Incentivizing the growth of emerging technology companies is a tricky proposition. A lot of ingredients go into creating an ecosystem that can support the growth of these companies, and what works in one place does not necessarily work in another. Nevada has found one successful ingredient – light-touch state legislation, which signals to the blockchain ecosystem that we understand and embrace blockchain technology.
Nevada began its blockchain journey in the summer of 2017 when Senator Kieckhefer sponsored and shepherded SB 398 to passage. This foundational legislation accomplished three important things: It made Nevada the first state in the country to prohibit local governments from licensing or taxing blockchain technology; it ensured legal disputes would not be dismissed from Nevada courts just because blockchain technology was involved; and it defined “blockchain” broadly so that both public and permissioned blockchains fit within the legislation. As a result, the legislature successfully provided certainty to both entrepreneurs and investors that Nevada was a safe place for blockchain companies to operate.
But like the constant evolution of emerging technologies, legislative frameworks for blockchain technology must evolve as well. In response to blockchain’s evolution, Senator Kieckhefer sponsored four blockchain-related bills for the 2019 legislative session that Nevada Governor Sisolak recently signed into law.
One specific bill, SB 162, amends Nevada Revised Statutes (NRS) Chapter 719 to keep the existing definition of “blockchain” intact while adding a separate and distinct definition for “public blockchain.”
“Public blockchain” means an electronic record of transactions or other data which:
1. Is uniformly ordered;
2. Is processed using a decentralized method by which two or more unaffiliated computers or machines verify the recorded transactions or other data;
3. Is redundantly maintained by two or more unaffiliated computers or machines to guarantee the consistency or nonrepudiation of the recorded transactions or other data;
4. Is validated by the use of cryptography; and
5. Does not restrict the ability of any computer or machine to:
(a) View the network on which the record is maintained; or
(b) Maintain or validate the state of the public blockchain.
“State of the public blockchain” means the cumulative record of data on a public blockchain, consisting of the first block of the public blockchain, all finalized transactions on the public blockchain and all block rewards recorded on the public blockchain.

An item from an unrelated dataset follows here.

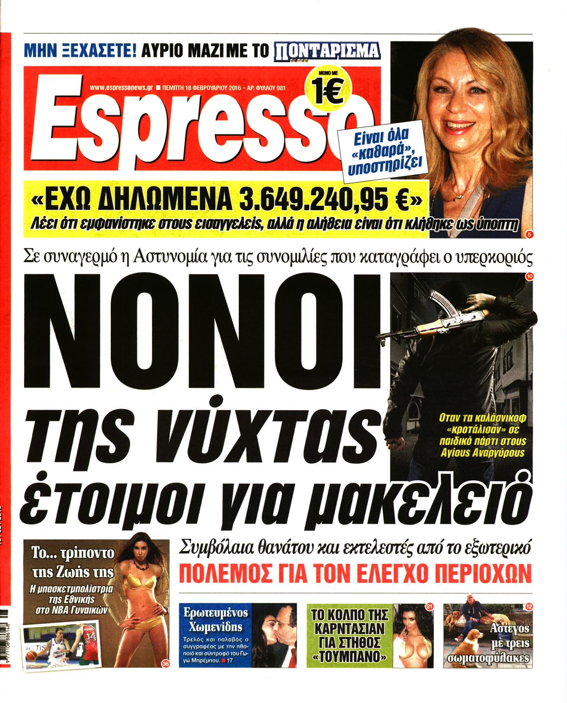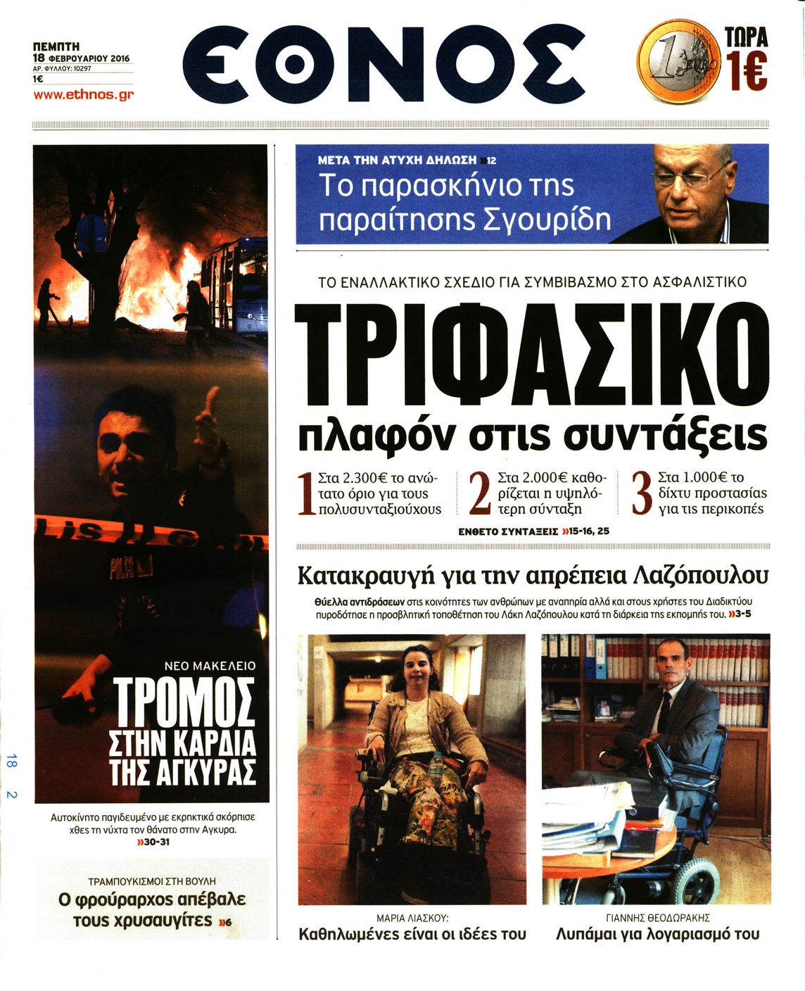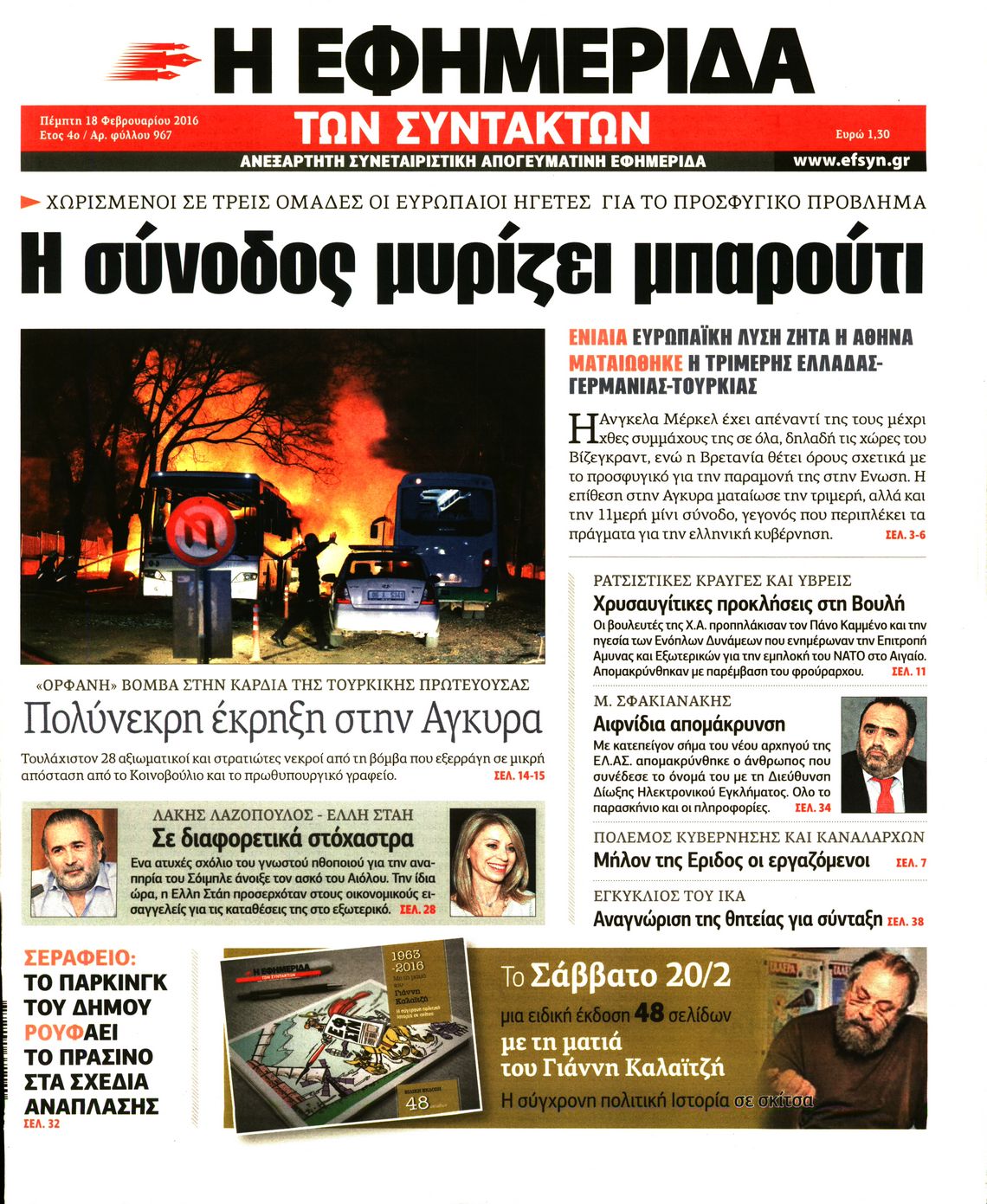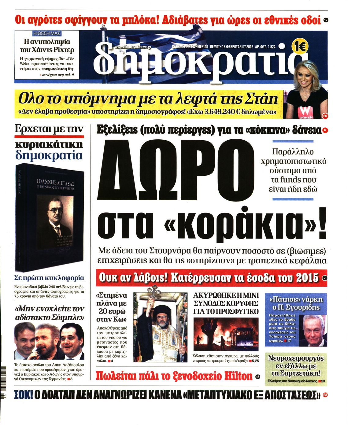 Οι πολιτικές εφημερίδες 18/2/2016 Enikos Newsroom 06:11, Πέμπτη 18 Φεβρουαρίου 2016 Media Διαβάστε τα σημερινά πρωτοσέλιδα των πολιτικών εφημερίδων: ΠΟΛΙΤΙΚΕΣ ΕΦΗΜΕΡΙΔΕΣ ΠΡΩΤΟΣΕΛΙΔΑ Μοιράσου το: σχολίασε κι εσύ (0 σχόλια) Ακολουθήστε το enikos.gr στο Google News και μάθετε πρώτοι όλες τις ειδήσεις Δείτε όλες τις τελευταίες ειδήσεις από την Ελλάδα και τον Κόσμο στο enikos.gr Ειδήσεις Ροή Ειδήσεων 38 λεπτά πριν Μπλόκα: Οι αγρότες σηκώνουν τις μπάρες σε διόδια για τους εκδρομείς των Χριστουγέννων και μοιράζουν προϊόντα – Βίντεο 1 ώρα πριν Τσιάρας προς αγρότες: Τα μπλόκα και τα πείσματα δεν ωφελούν – Οι λύσεις περνούν μέσα από τον διάλογο 2 ώρες πριν Αρχεία Έπσταϊν: Οι συγκλονιστικές φωτογραφίες – Ο Μάικλ Τζάκσον, ο Μικ Τζάγκερ και ο Κέβιν Σπέισι ανάμεσα στους διάσημους που απεικονίζονται 3 ώρες πριν Νέες ταυτότητες: Μεγάλη αναμονή για ραντεβού στην Αττική – Τέλος τα ταξίδια εκτός Ελλάδος από τον Αύγουστο για όσους δεν έχουν αλλάξει 3 ώρες πριν Ινδία: Επτά ελέφαντες σκοτώθηκαν κατά τη σύγκρουση επιβατικού τρένου με κοπάδι 4 ώρες πριν Μία νέα «χρυσή» περίοδος αρχίζει για 3 ζώδια από σήμερα – «Μία αναπάντεχη ευκαιρία οδηγεί στην επιτυχία» 5 ώρες πριν Αγχώνεται για το χριστουγεννιάτικο δώρο που πήρε στην πλούσια σύντροφό του – «Φοβάμαι πως θα το βρει φθηνιάρικο, φοράει βραχιόλια Cartier» 3 ώρες πριν Διαιτολόγος αποκαλύπτει 9 πρωινές συνήθειες που «λιώνουν» το κοιλιακό λίπος – «Υποστηρίζουν την υγιεινή απώλεια βάρους» 3 ώρες πριν Οι 7 φράσεις που δεν λένε ποτέ οι συναισθηματικά έξυπνοι άνθρωποι κατά τη διάρκεια ενός καβγά 3 λεπτά πριν Βέλγιο: Άγνωστοι έριξαν κόκκινη μπογιά στο προξενείο της Πολωνίας στις Βρυξέλλες 10 λεπτά πριν Γρηγόρης Δημητριάδης: Χριστουγεννιάτικη συνάντηση με τα παιδιά της ΔΑΠ-ΝΔΦΚ και της ΟΝΝΕΔ 18 λεπτά πριν Στέφανος Παπαδόπουλος: Ξέσπασε σε κλάματα – «Θέλω να έρθει μπροστά μου και να μου πει ότι είμαι ψεύτης» 26 λεπτά πριν Η Realnews αυτής της Κυριακής (21/12/2025) 36 λεπτά πριν Πέτρου Ράλλη: Καρέ – καρέ η κλοπή αυτοκινήτου μέσα σε 2,5 λεπτά ENIKOS NETWORK Η αποχή από την αναπαραγωγή παρατείνει τη ζωή στα ζώα, σύμφωνα με μελέτη – Τι ισχύει για τους ανθρώπους; Σημαντικές επαφές στις ΗΠΑ είχε ο υπουργός Υγείας Άδωνις Γεωργιάδης MyHealth App: Τα στοιχεία για τον Προσωπικό Βοηθό Υγείας Πολίτη – Τι ερωτήματα έγιναν μέσα σε 7 ημέρες Χειμερινές εκπτώσεις 2026: Πρεμιέρα στις 12 Ιανουαρίου – Πόσο θα διαρκέσουν και τι πρέπει να γνωρίζουν οι καταναλωτές Χαρτογραφώντας το «σημείο χωρίς επιστροφή»: Για πρώτη φορά αποκαλύπτεται με λεπτομέρεια το ακανθώδες όριο της ατμόσφαιρας τ... Η Google καταργεί τη λειτουργία «dark web report» – Πώς θα μπορούν οι χρήστες να διαγράφουν τα δεδομένα τους περισσότερα 14:04 , Σάββατο 20 Δεκεμβρίου 2025 Η Realnews αυτής της Κυριακής (21/12/2025) Με τίτλο: «Ασπίδα προστασίας για την Ελλάδα» κυκλοφορεί, αυτήν την Κυριακή, η Realnews. Σημαντ... 12:53 , Σάββατο 20 Δεκεμβρίου 2025 Να μ’ αγαπάς: Το παρελθόν έρχεται στο φως – Καταιγιστικές εξελίξεις στα τελευταία επεισόδια του 2025 Ο Άγγελος αποκαλύπτεται, η Φωτεινή ανησυχεί για τον Λευτέρη και η Ζωή έρχεται αντιμέτωπη με το... 11:41 , Σάββατο 20 Δεκεμβρίου 2025 «Η αγάπη δεν χάνεται ποτέ»: Η μικρού μήκους ταινία κινουμένων σχεδίων που θέτει ερωτήματα για τη ζωή και τον θάνατο Ο θάνατος είναι ένα από τα πιο σκληρά θέματα που καλείται να διαχειριστεί κάποιος στη διάρκεια... 09:30 , Σάββατο 20 Δεκεμβρίου 2025 «Porto Leone: Στη γειτονιά με τα κόκκινα φανάρια» – Ο Χρόνης αποκαλύπτει σ

“Unaffiliated computers or machines” means computers or machines that are not under common ownership or control.
There are several reasons why differentiating between public and permissioned blockchains in NRS is important.
First, SB 162 builds upon SB 398’s signal to the blockchain ecosystem that Nevada understands and embraces blockchain technology in its different forms. Being the first state in the country to demonstrate to public blockchain developers that Nevada understands their technology is a powerful driver of economic development because public blockchain companies and investors now know that Nevada is the only state that specifically recognizes public blockchain technology. SB 398 showed that thoughtful legislation will spur economic development and we anticipate that having this level of clarity in SB 162 will result in similar public blockchain investment and growth.
Additionally, public and permissioned blockchains are architecturally different. Public chains allow any person to participate in the network, while permissioned chains limit who can participate. As both architectures evolve and more people interact with blockchain technology, the public policy and consumer protection topics related to each will begin to diverge. As such, differentiating between the two types of chains with thoughtful legislation will allow public policymakers and regulators to narrowly address the unique needs of each architecture individually rather than collectively.
Lastly, and most importantly, the potential for public blockchain technology to revolutionize many of our digital interactions in ways that truly return power to the individual is almost unlimited. While permissioned blockchains have the potential to incrementally improve existing systems, public blockchains have the potential to shift paradigms in digital identity, voting, medical record management, and financial services, to name a few possibilities. Having a statutory definition for public blockchain technology in Nevada will help set the foundation for this new way of life and move Nevada one step closer to becoming the public blockchain capital of the world.
Matthew Digesti is Vice President of Government Affairs & Strategic Initiatives at Blockchains.